3.8. Protection of Vitamin C from Oxidative Damage in the Lens Caused by Excess Iodine
The changes in all antioxidant enzyme activities and MDA content in the lens were not statistically significant, Table S5, but it was found that the MDA content in each group of KI was higher than that of KIO3, and the MDA content increased in HKI + LC and HKIO3. In addition, the female content of MDA was significantly lower than that of males (Figure 6, U = −5.651, n = 10, p = 0.000), and the TAOC activity in the NI group also showed a sex difference: female was higher than male (U = −2.816, n = 10, p = 0.004). The activity of CAT in the lens was too low to determine.
4. Discussion
The ratio of sex was based on the sensitivity to oxidative damage.

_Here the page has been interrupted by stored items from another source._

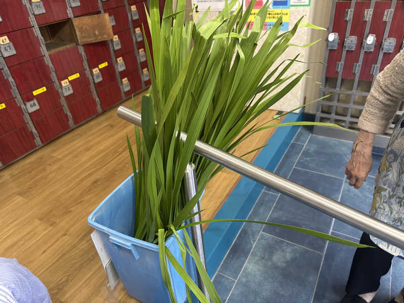街銭湯らしい内装のなか、遠くギリシャ🇬🇷の海岸風景が描かれています。この日は菖蒲湯で、お湯に浮いた束を嗅ぐとスキッとしたいい匂いがしました。お湯はしっかり熱め♨️です。浅いのと深いのの2パターンで茹でてもらえます。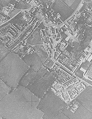 A detail from the photograph clearly shows the village green in relation to Kays Hall Farm, the fields to the west and the rest of the village.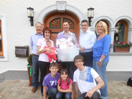 Bürgermeister Hans Kronberger, Sozialausschuss-Obmann Ingo Dörflinger und die Projektleiterin der Familienfreundlichen Gemeinde Gabi Pühringer und Astrid Lüftinger überbrachten an unseren Vizebürgermeister Anton Pühringer und seiner Gattin Doris das „Kirchhamer Waisat“ für ihre unlängst geborene Tochter Kathrin. Auch wir von der ÖVP-Fraktion gratulieren Anton und Doris sehr herzlich und wünschen alles erdenklich Gute! |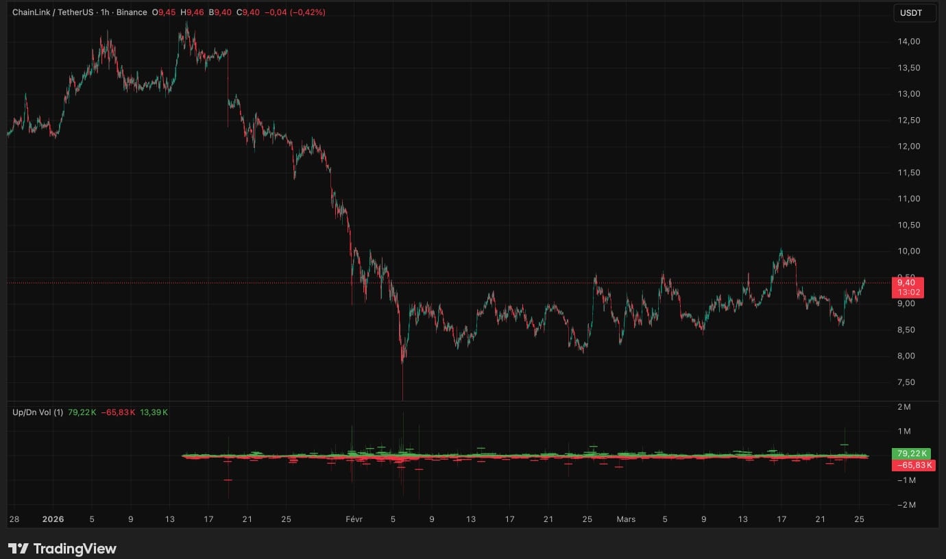 Più in generale, la copertura del CCIP nei circoli bancari e di gestione degli asset evidenzia progetti pilota in cui grandi banche e gestori di asset utilizzano Chainlink per trasferire azioni di fondi tokenizzati e stablecoin attraverso catene pubbliche e private, inclusi esperimenti da parte di ANZ e SBI Digital Markets per regolare pagamenti transfrontalieri e gestire abbonamenti. In quell'ambiente, il livello attuale di prezzo di LINK intorno a $9–$10, unito a centinaia di milioni di dollari in volume giornaliero e a una struttura di consolidamento pluriennale intorno alla regione di supporto di $14, lo posiziona come una scommessa liquida legata all'infrastruttura sullo scaling della tokenizzazione e dell'attività cross-chain piuttosto che un commercio di momentum di breve durata.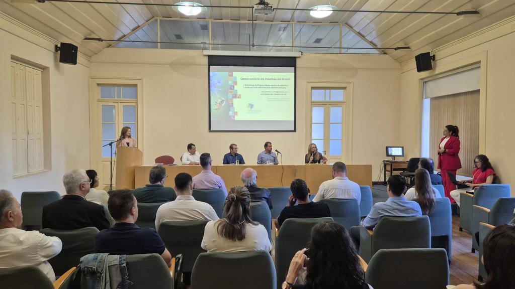 O Ministério Público do Rio Grande do Sul (MPRS) sediou, nesta sexta-feira, 27 de fevereiro, o Workshop do Projeto Observatório de Abelhas do Brasil com foco no RS – Resultados e Perspectivas para a Proteção das Abelhas do Estado do Rio Grande do Sul. O encontro, ocorrido no Auditório do Palácio do Ministério Público, em Porto Alegre, reuniu pesquisadores, integrantes de órgãos públicos e representantes do setor produtivo para debater avanços, desafios e estratégias voltadas à proteção das abelhas no Estado.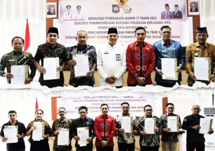 Kendari, PancanaNews.com – Pemerintah Provinsi Sulawesi Tenggara melalui Dinas Kependudukan dan Pencatatan Sipil (Dukcapil) resmi menandatangani Perjanjian Kerja Sama (PKS) Pemanfaatan Data Kependudukan berbasis Nomor Induk Kependudukan (NIK) bersama 15 Organisasi Perangkat Daerah (OPD) lingkup Pemprov Sultra.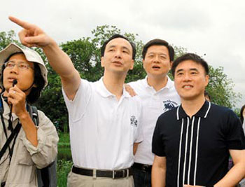 中新網(wǎng)5月31日電 據(jù)臺灣《聯(lián)合報》報道,臺北縣長周錫瑋30日邀臺北市長郝龍斌、新北市長參選人朱立倫訪視臺北縣浮洲濕地,為年底選舉造勢,互勉要把淡水河整治得更干凈。郝龍斌對三人合作形成“郝錫立(好犀利)”表示,“第一次聽到,不錯呀!”,周錫瑋不忘補充廣東話叫“猴塞擂呀!”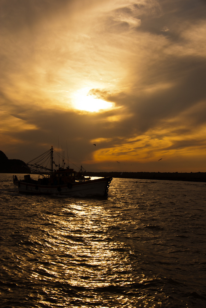 一日の漁を終えて。 何の漁か聞き忘れてしまいました・・・
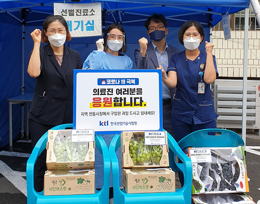 KTL 임직원은 지난해에 이어 올해도 선별진료소 의료진들의 노고에 보답하기 위해 진주시보건소, 경상국립대병원, 진주고려병원 등 진주시 선별진료소 8곳에 직접 방문하여 포도 80여 박스와 응원의 메시지를 전달하였다.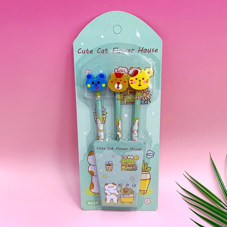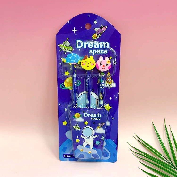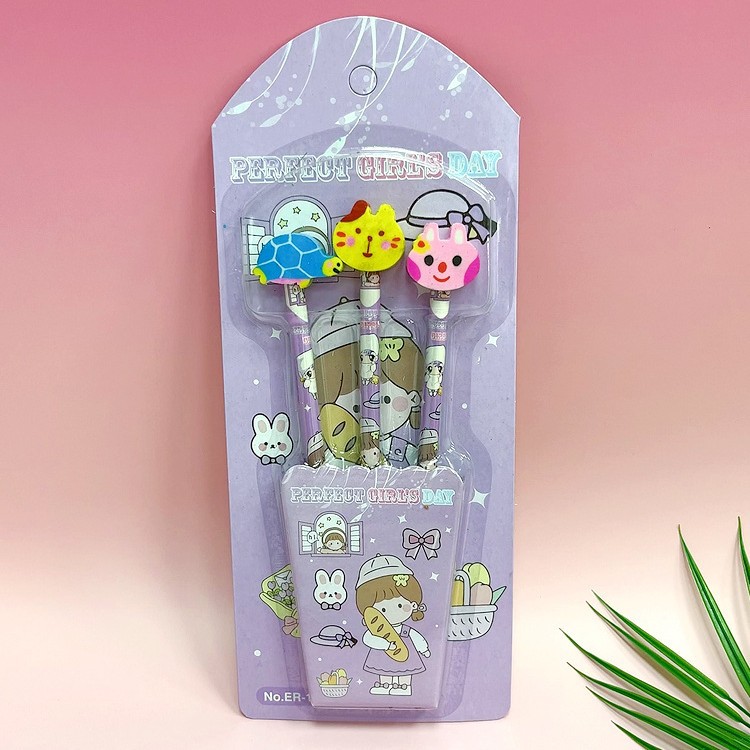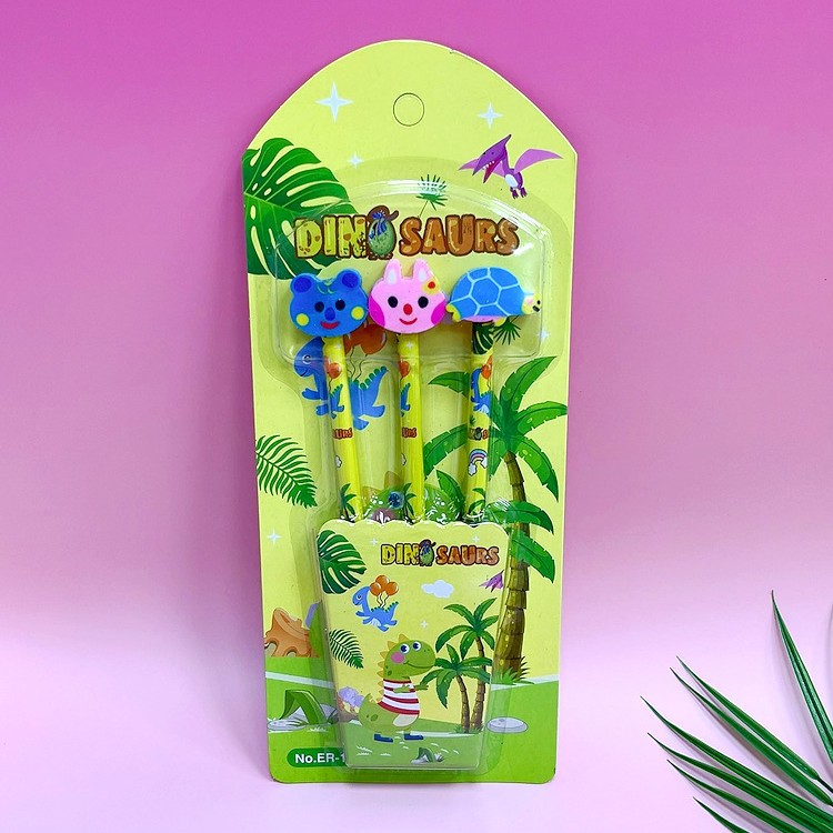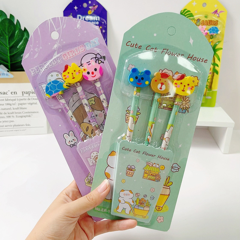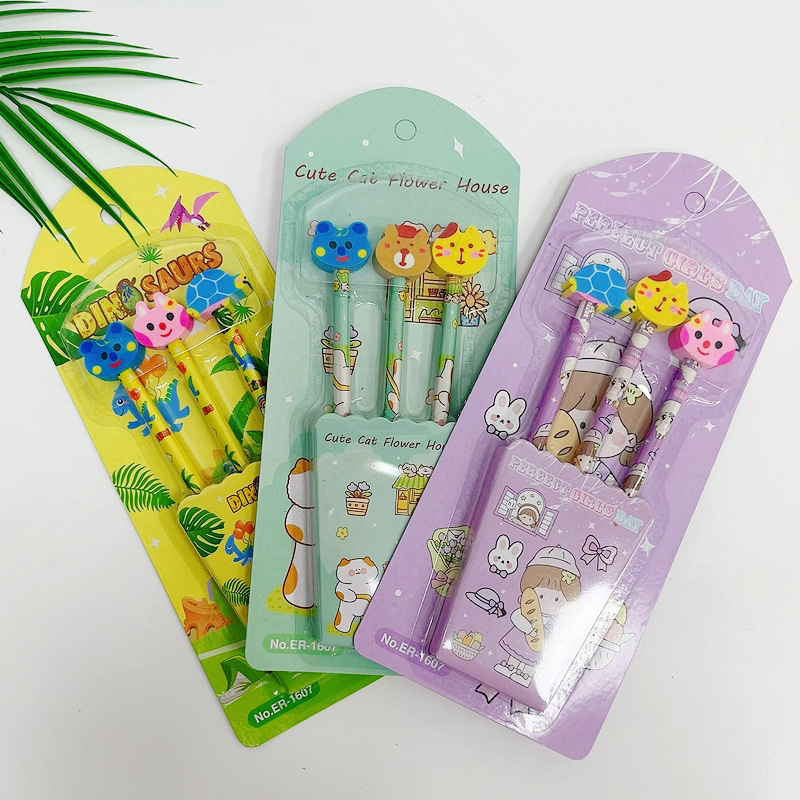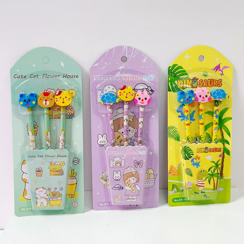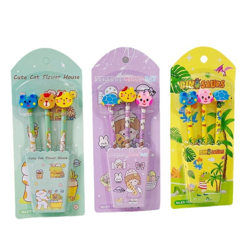 卡通铅笔套装新款吸卡装铅笔三件套小学生六一儿童节奖品奖励批发

It was known that thyroid disease pathogenesis is related to oxidative stress; Rodrigo SF et al. found that compared with male rats, female rats showed higher mRNA expression of NOX4 and Poldip2 due to the influence of estrogen, which produced more hydrogen peroxide and decreased oxidation defense ability [33]. Therefore, it was reasonable to adopt a female and male ratio of 2:1 in this study.
Through this study, it was found that compared with KI, excessive intake of KIO3 decreased the serum activity of SOD, but there was no significant difference between the HI and NI groups, which was consistent with Wu YX et al. [34]. In addition, through a literature review, Zhang Y et al. found that the effect of KIO3 on the activities of antioxidant enzymes in experimental animals was greater than that of KI, but all the experimental doses far exceeded the doses obtained from salt [35].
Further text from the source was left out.